▶ THE DATA:
____________
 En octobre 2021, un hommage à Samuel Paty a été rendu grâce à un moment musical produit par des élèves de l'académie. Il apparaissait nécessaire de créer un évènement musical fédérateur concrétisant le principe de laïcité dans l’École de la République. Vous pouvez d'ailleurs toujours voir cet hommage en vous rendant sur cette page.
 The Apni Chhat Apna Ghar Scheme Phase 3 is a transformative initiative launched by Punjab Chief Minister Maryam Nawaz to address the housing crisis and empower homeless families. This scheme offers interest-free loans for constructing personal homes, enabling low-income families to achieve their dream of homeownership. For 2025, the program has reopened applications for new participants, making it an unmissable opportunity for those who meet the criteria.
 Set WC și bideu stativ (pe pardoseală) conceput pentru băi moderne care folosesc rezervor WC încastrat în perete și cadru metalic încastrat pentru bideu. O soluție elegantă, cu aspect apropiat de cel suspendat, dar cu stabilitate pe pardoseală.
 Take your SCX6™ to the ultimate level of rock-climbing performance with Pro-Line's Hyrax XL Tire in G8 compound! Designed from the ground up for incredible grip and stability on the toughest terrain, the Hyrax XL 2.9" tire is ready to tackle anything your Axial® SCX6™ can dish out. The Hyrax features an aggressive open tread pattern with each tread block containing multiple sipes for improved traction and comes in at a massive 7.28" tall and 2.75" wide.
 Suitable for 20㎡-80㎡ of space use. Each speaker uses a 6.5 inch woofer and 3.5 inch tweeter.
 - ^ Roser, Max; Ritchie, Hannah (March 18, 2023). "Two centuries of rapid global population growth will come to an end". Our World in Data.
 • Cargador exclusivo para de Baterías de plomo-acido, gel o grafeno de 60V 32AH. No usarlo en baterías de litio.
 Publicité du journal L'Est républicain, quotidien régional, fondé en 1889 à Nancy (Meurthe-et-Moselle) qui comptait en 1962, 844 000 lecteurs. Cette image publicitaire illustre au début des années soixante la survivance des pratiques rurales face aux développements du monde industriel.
____________
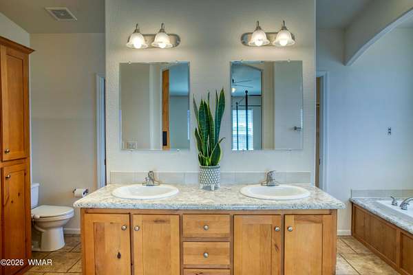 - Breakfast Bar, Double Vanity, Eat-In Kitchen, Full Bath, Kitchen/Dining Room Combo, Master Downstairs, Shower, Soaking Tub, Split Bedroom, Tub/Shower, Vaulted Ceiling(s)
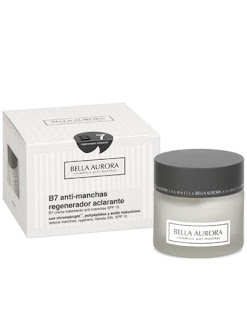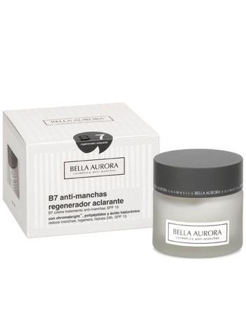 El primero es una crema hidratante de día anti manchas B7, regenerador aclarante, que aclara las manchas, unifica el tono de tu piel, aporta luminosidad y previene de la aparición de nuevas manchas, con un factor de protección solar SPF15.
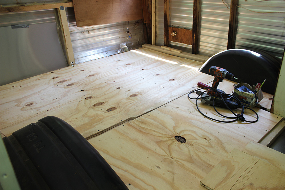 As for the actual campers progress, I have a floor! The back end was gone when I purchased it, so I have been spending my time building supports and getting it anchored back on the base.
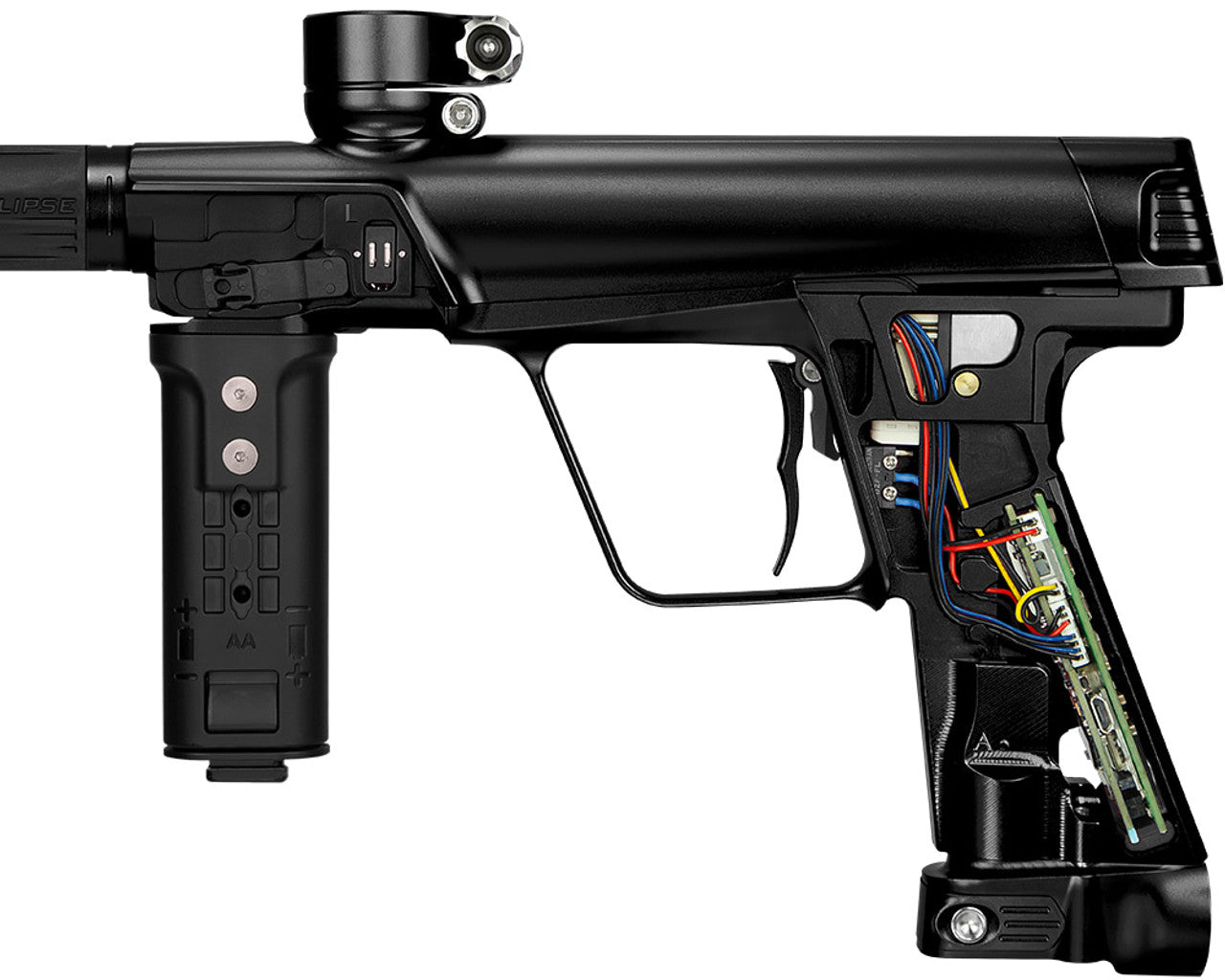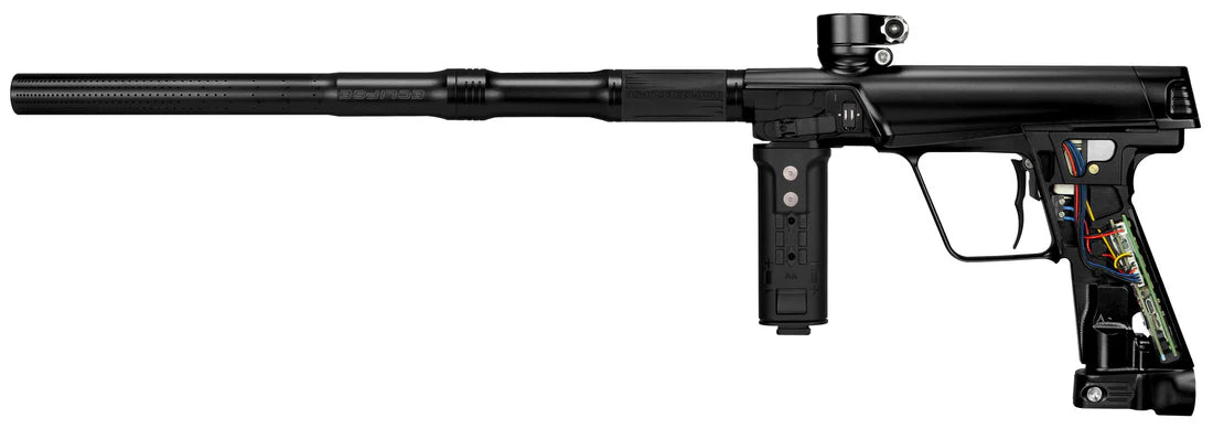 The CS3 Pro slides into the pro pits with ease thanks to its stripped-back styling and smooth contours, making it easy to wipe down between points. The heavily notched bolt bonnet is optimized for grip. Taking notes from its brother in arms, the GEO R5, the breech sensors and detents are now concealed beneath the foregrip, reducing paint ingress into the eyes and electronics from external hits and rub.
____________
▶ INSTRUCTIONS FOR THE TASK: Beginning at the line above with "Set WC și bideu" and finishing at the line with "Suitable for 20㎡-80㎡", return each line exactly and return nothing else.

▶ ANSWER TO THIS PROBLEM:
 Set WC și bideu stativ (pe pardoseală) conceput pentru băi moderne care folosesc rezervor WC încastrat în perete și cadru metalic încastrat pentru bideu. O soluție elegantă, cu aspect apropiat de cel suspendat, dar cu stabilitate pe pardoseală.
 Take your SCX6™ to the ultimate level of rock-climbing performance with Pro-Line's Hyrax XL Tire in G8 compound! Designed from the ground up for incredible grip and stability on the toughest terrain, the Hyrax XL 2.9" tire is ready to tackle anything your Axial® SCX6™ can dish out. The Hyrax features an aggressive open tread pattern with each tread block containing multiple sipes for improved traction and comes in at a massive 7.28" tall and 2.75" wide.
 Suitable for 20㎡-80㎡ of space use. Each speaker uses a 6.5 inch woofer and 3.5 inch tweeter.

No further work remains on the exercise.